Data listing >>
★ ★ ★

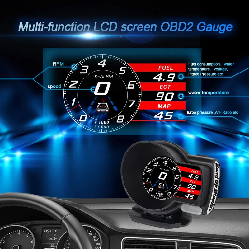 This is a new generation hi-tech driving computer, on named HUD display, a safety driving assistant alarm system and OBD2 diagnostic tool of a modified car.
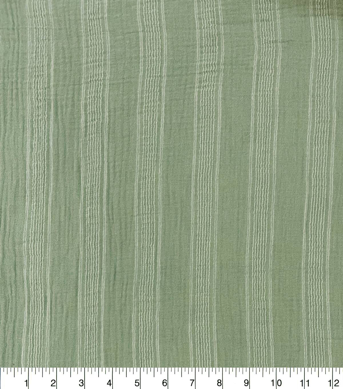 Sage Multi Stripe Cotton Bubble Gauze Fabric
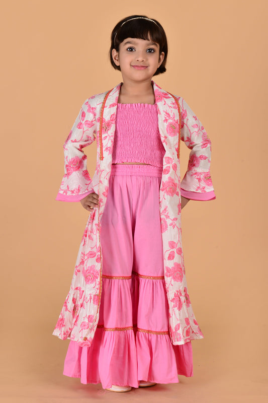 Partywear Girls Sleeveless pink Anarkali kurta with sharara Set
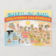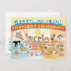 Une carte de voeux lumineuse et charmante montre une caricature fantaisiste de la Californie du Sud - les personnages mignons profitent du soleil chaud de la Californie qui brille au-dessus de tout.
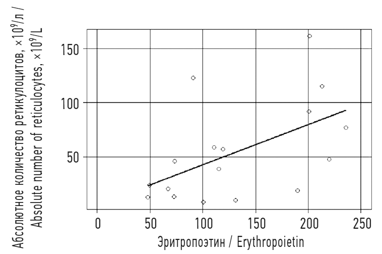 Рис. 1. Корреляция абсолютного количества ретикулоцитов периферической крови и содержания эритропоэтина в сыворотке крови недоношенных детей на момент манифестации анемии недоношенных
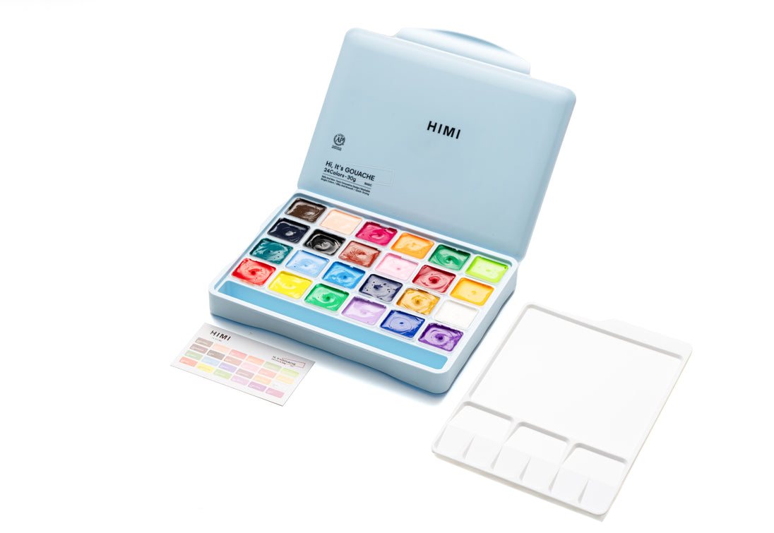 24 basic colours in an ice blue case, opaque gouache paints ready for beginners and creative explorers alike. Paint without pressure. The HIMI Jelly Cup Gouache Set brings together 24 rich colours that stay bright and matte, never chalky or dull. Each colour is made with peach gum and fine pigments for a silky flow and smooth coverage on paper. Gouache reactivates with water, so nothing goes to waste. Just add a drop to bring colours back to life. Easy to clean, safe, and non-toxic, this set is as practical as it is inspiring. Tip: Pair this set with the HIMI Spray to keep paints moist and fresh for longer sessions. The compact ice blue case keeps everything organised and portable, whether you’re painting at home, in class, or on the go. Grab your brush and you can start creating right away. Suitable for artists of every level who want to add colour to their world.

★ ★ ★

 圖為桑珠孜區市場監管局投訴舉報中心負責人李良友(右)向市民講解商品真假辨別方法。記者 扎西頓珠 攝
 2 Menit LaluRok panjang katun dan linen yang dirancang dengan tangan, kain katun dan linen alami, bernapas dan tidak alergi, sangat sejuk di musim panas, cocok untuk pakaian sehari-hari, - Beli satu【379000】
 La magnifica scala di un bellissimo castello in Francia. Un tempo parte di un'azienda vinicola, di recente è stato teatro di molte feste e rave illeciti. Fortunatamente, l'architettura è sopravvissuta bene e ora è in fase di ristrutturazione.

★ ★ ★

Goal of the exercise >>
Retype the lines above exactly as they appear, from the line containing "This is a new" through the line containing "Partywear Girls Sleeveless", and leave out any pictures.

Exercise solution >>
 This is a new generation hi-tech driving computer, on named HUD display, a safety driving assistant alarm system and OBD2 diagnostic tool of a modified car.
 Sage Multi Stripe Cotton Bubble Gauze Fabric
 Partywear Girls Sleeveless pink Anarkali kurta with sharara Set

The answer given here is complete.